他终究没忍住,放轻了脚步,慢慢朝着正院靠近。
正院的朱红大门敞开着,院内游淮川身着一身月白色锦袍,身姿挺拔,眉眼间带着游家嫡子独有的温润气度,正站在庭院中央,陪着游母说话。游母挽着游淮川的胳膊,脸上挂着真切的笑意,眉眼弯弯,往日里对着他时那层淡淡的疏离全然不见,满是藏不住的疼爱与关切,指尖还轻轻拍着游淮川的手背,柔声问着他在外的食宿,有没有受委屈,事务处理得顺不顺利。
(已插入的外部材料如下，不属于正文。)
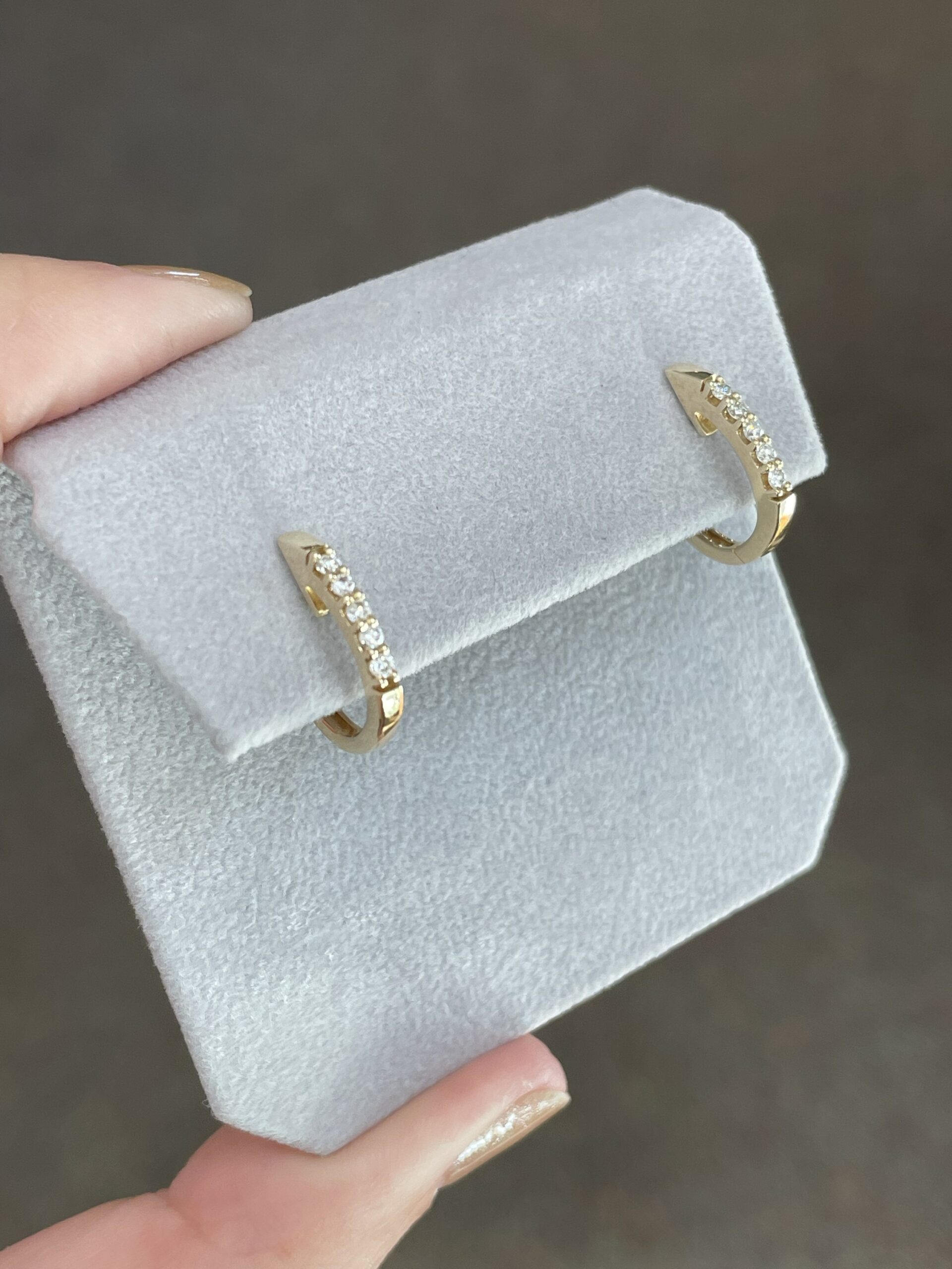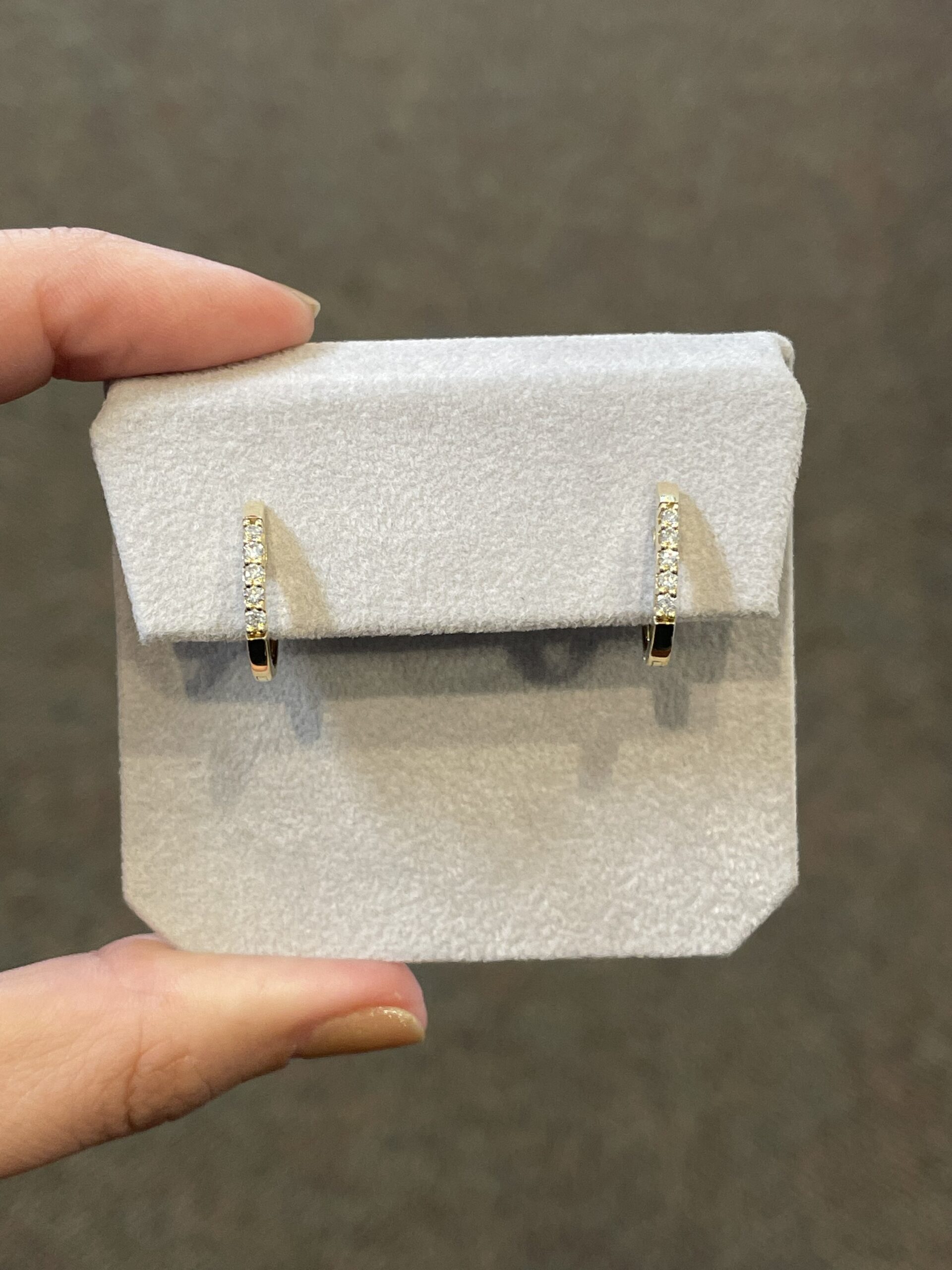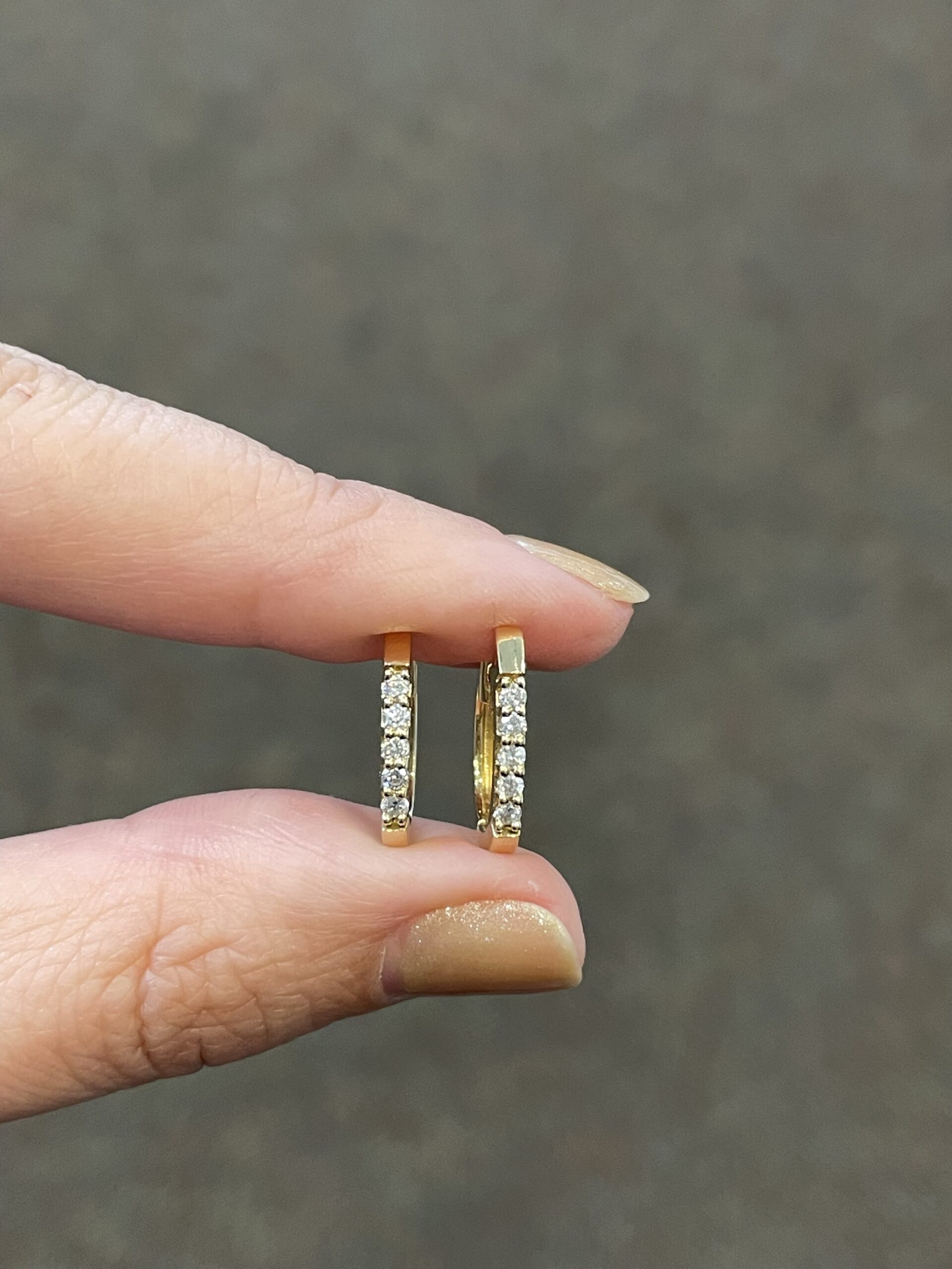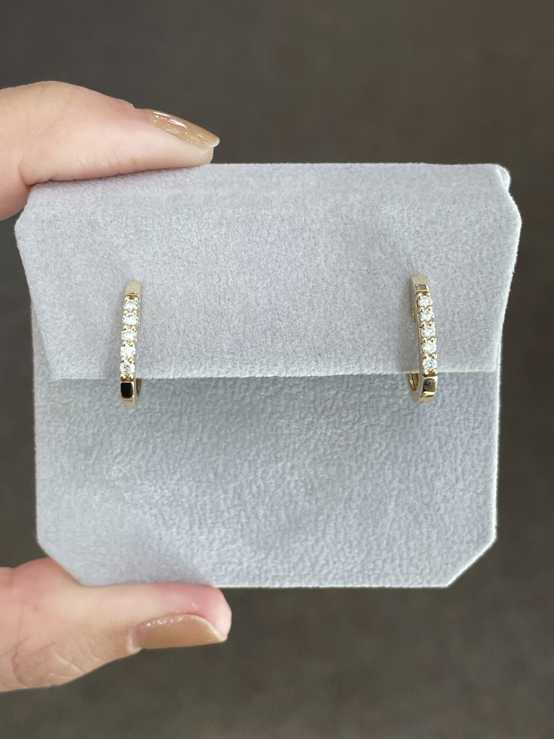 14k yellow gold genuine .22 Cttw Round Brilliant Cut diamond oval shaped huggy style hoop earrings, approximately 2 x 14.5 mm in size. These earrings have an entire weight of 2.6 grams.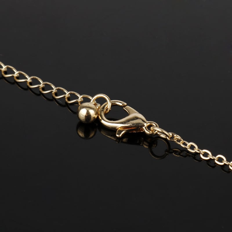パヴェストーンの輝き: 三日月全体には、クリア、ピンク、ブルーなどのカラーストーン(パヴェ)が贅沢に敷き詰められ、デコルテを華やかに彩ります。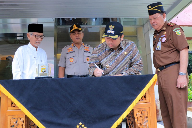Wali Kota Tangerang H. Arief R. Wismansyah hadiri acara Penandatanganan Piagam Pencanangan Pembangunan Zona Integritas berlokasi di Lapangan Polres Metro Tangerang Kota, Kamis (12/3/2020).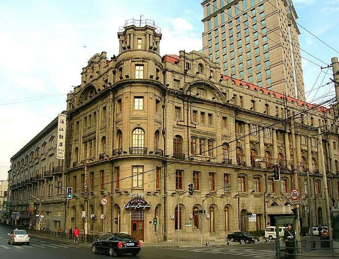 穿过陈毅广场、上海人民英雄纪念塔、外白渡桥,再往右手边马路对面,有一座5层的石砌混凝土砖木混合结构的饭店,这个就是浦江饭店,之前也被叫做“礼查饭店”。这个饭店可不简单,1846年由英国人Richard创办,之后于1860年易主由英国商人史密斯接手,易主后饭店的硬件设施有很大提升,很多当时西方技术在中国的第一次呈现,都是在这个饭店,比如电话、电灯、电影、自来水等。

游父也坐在一旁的梨花木椅上,平日里总是严肃紧绷的面容,此刻也柔和了不少,看着游淮川的眼神里带着赞许,偶尔开口叮嘱几句家族事宜,语气里皆是对这个嫡子的看重。一旁的侍女们端着精致的茶点、鲜果,轻手轻脚地摆放在石桌上,皆是眉眼带笑,围着这位归家的少爷,连呼吸都透着轻快。
阳光透过庭院里的古树枝桠,斑驳地洒在他们身上,将那一家三口的身影裹在一片暖融融的光晕里,画面温馨又和睦,是游昭珩从未拥有过的场景。
游昭珩就站在院门的阴影里,像个局外人,静静看着这一切。
他看着游母自然地为游淮川拂去肩头的落叶,看着游淮川笑着回应父母的关切,看着他们之间无需言说的默契与亲昵,指尖攥得越来越紧,指节都微微泛白。他忽然清晰地意识到,哪怕他认祖归宗,改回了游昭珩这个名字,住进了游家祖宅,成了名义上的游家小少爷,可他终究是个外来者,永远融不进他们的世界。
他与这个家,隔着一道看不见却深不见底的鸿沟。
游淮川是从小在金尊玉贵里长大的世家子弟,知书达理,气度斐然,深谙游家的所有规矩,与游父游母有着十几年的骨肉亲情,是游家名正言顺的继承人。而他呢,他是从泥泞里爬出来的野孩子,前十五年都在市井里摸爬滚打,穿着发旧的衣服,喝着劣质的酒,跟着老李、李小一他们在小酒吧里过着浑浑噩噩却自在的日子,满口市井口语,不懂半点世家规矩,连吃饭持筷、走路站姿都要从头学起。
他和游淮川,本就是两个世界的人。
游母偶尔对他的温和,不过是碍于他的身世,出于一丝怜悯与责任,绝非对着游淮川那般发自心底的疼爱。游父更是从未对他有过好脸色,平日里见了面,也只是淡淡瞥他一眼,连一句多余的话都没有,全然没把他当作真正的儿子。府里的仆役表面上对他恭恭敬敬,背地里却也常议论他出身市井,粗鄙不堪,配不上游家小少爷的身份。
风轻轻吹过,带着几分寒意,拂起游昭珩额前的碎发,他暗骂自己矫情,又还是忍不住有些落寞。他看着庭院里其乐融融的三人,他们说着他插不上话的家族事务,聊着他从未经历过的世家琐事,那些话语、那些神态,都在一遍遍提醒他,这里不是他的家。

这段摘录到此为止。